I happened to be down near Seward Park late Thursday morning. Weekdays are usually very quiet along Lake Washington, save on Thursdays when the model plane guys fly their buzzing aircraft over Andrews Bay. But today, I heard the unmistakable roar of the past, a familiar RUH-RHU-RHU-RHU of an old-time hydro. I could see the flying spray of a rooster tail and spotted KIRO's Chopper 7 hovering overhead. As I came around the corner to Stan Sayres pits, a crowd had gathered. There in all her glory was Miss Bardahl, the Green Dragon of hydroplane racing's glory years.
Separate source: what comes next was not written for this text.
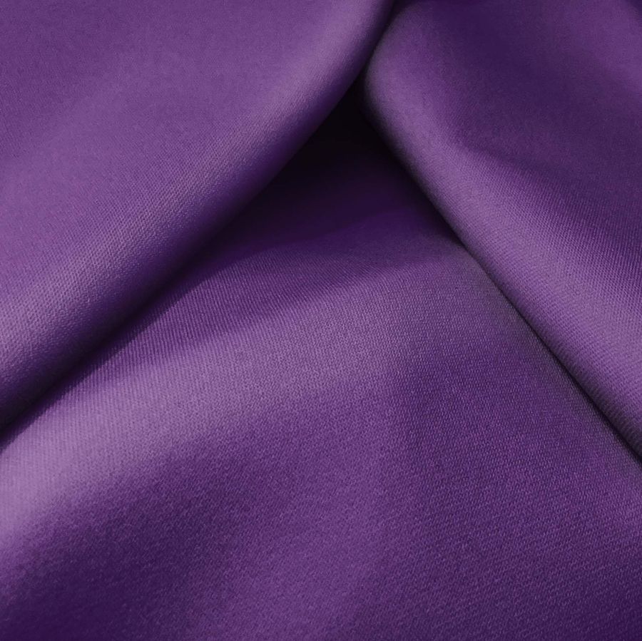 La tela base utilizada es la Sarga Bielástica - Lisboa, compuesta por un 97% de poliéster y un 3% de elastano, con un gramaje de 209 gr/m2 y un ancho de 150 cm. La impresión del color liso se realiza mediante la tecnología de sublimación (poliéster). El color impreso es morado oscuro, con una combinación de cian (83), magenta (100), amarillo (28) y negro (17) según el CMYK. Este color transmite un carácter profundo y misterioso, simbolizando la creatividad y el conocimiento. El morado oscuro se puede combinar con tonos dorados y plateados para acentuar su sofisticación.

Like many Seattleites, I've always had a love-hate with the hydros. Just like lots of little boys, I towed a hand-crafted wooden one behind my bike, and we had huge neighborhood races looping endlessly around the chain of Olmsted-designed parks that run along Mount Baker Boulevard near Franklin High. My mother hated the chaos the Seafair races brought, so after more than a decade of race excitement and noise, she made a point to take the family out of town to escape cars parked on our lawn, crowds, and the incessant growl of racing boats. The last straw was the time in the early 1960s when my sister was water skiing near the old floating bridge and was nearly run over by Bill Muncey doing practice runs in Miss Century 21. By the time I was an adult, I'd ceased to be a hydro fan.
Miss Bardahl was one of many famous boats, but it won multiple Gold Cups and National Championships for its hometown sponsor, Ole Bardahl, a Norwegian immigrant who made his fortune selling engine lube. It seemed right back then that a guy from blue-collar Ballard ruled the waves.
Love it or hate it, the sounds of Seafair are part of Seattle, and the sound wave patterns made by the thunderboats are impressed in my brain. The particular roar of the 1950s and '60s era open cockpit boats triggers a Proustian flashback — just like the smell of popcorn, beer, and urine can take me back to the ballgames of the Seattle Rainiers in Sick's Stadium. This time, the boat was a little out of season — the cherry trees are just starting to bloom, and sounds don't drone like they do on a hot August weekend. But it was a kind of thrill, and for a minute I felt naked without a Skipper pin.